_WHAT IS NEEDED_: Return all of the entries exactly, but do not include the pictures.

Data extracted from a collection:
%%
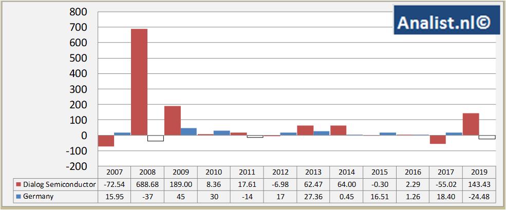 Van Dialog Semiconductor worden over dit jaar geen dividenduitkeringen verwacht. Het gemiddelde dividendrendement van de halfgeleiders sector ligt op een magere 1 procent.
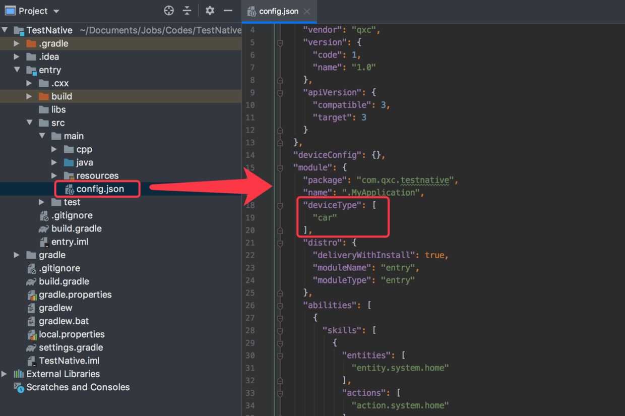 其实,我们还有其他的方式(原因:JNI开发也就涉及到native方法定义、native源码、Cmake配置文件、Gradle配置等内容):我们可以新建一个Car类型的Native C 工程和一个Harmony os Library Module,然后将模板工程entry中的JNI代码迁移到Harmony os Library Module中。
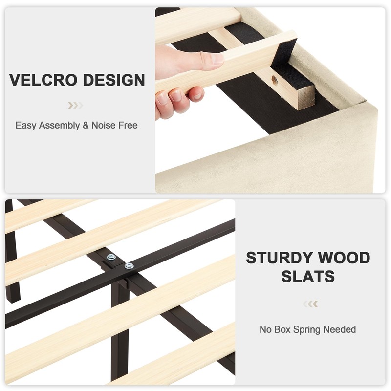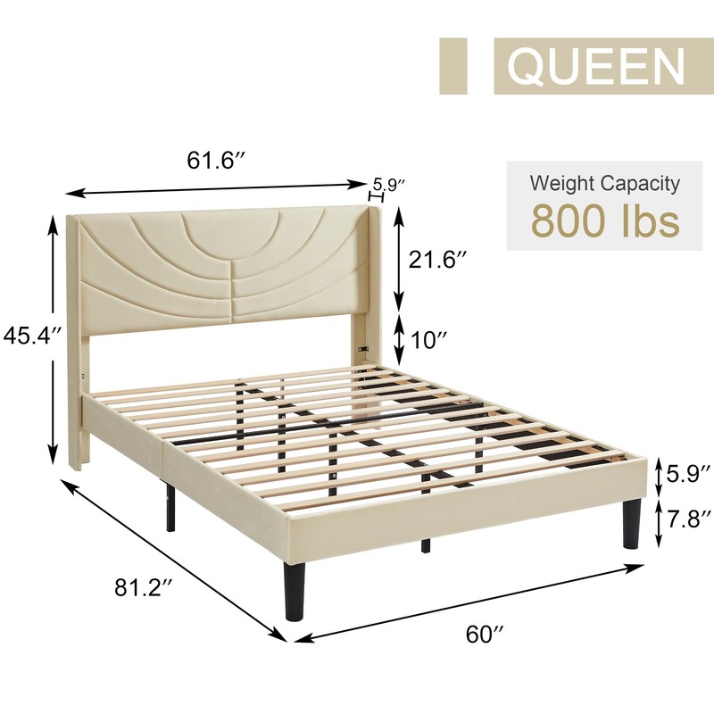 - 【Sturdy and Durable】This queen bed frame is sturdy and durable,made of high-quality metal and wood.With anti-scratch foot cover, which can reduce friction to protect the floor from scratching.Maximum weight recommendation: 800 pounds.
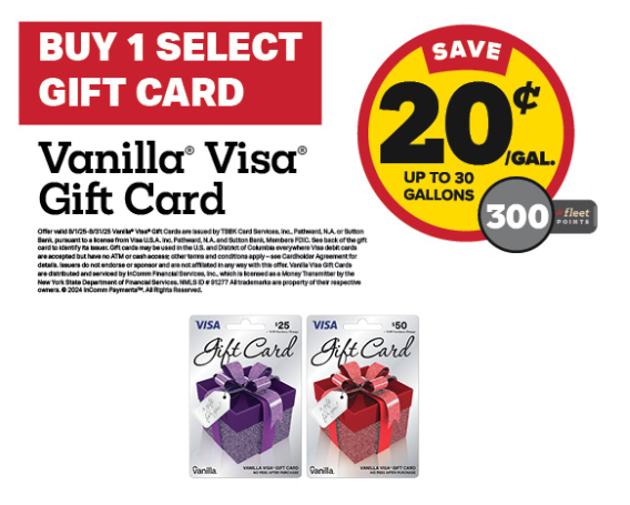 Buy one of the following gift cards and get 300 fleet points/20c off per gallon, for a single use up to 30 gallons:
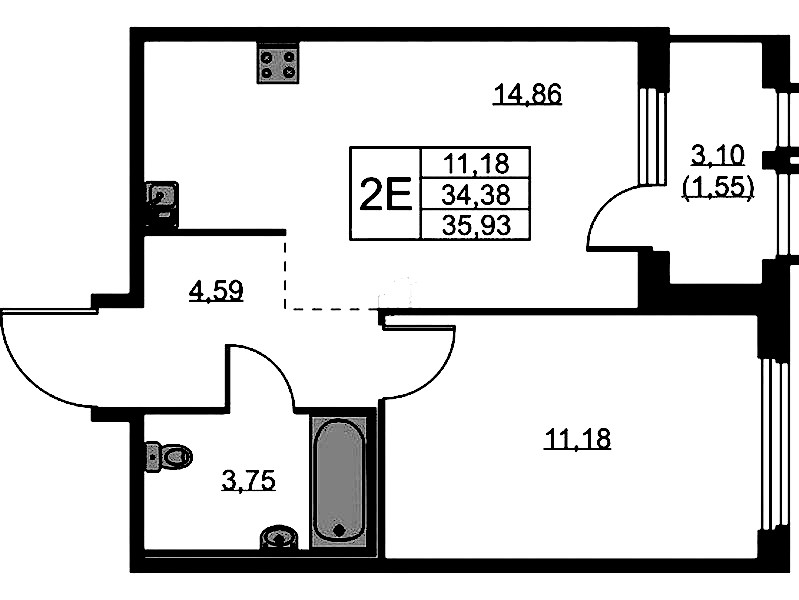 - Площадь кухни14,86 м2
%%
_SOLUTION TO THIS PROBLEM_:
 Van Dialog Semiconductor worden over dit jaar geen dividenduitkeringen verwacht. Het gemiddelde dividendrendement van de halfgeleiders sector ligt op een magere 1 procent.
 其实,我们还有其他的方式(原因:JNI开发也就涉及到native方法定义、native源码、Cmake配置文件、Gradle配置等内容):我们可以新建一个Car类型的Native C 工程和一个Harmony os Library Module,然后将模板工程entry中的JNI代码迁移到Harmony os Library Module中。
 - 【Sturdy and Durable】This queen bed frame is sturdy and durable,made of high-quality metal and wood.With anti-scratch foot cover, which can reduce friction to protect the floor from scratching.Maximum weight recommendation: 800 pounds.
 Buy one of the following gift cards and get 300 fleet points/20c off per gallon, for a single use up to 30 gallons:
 - Площадь кухни14,86 м2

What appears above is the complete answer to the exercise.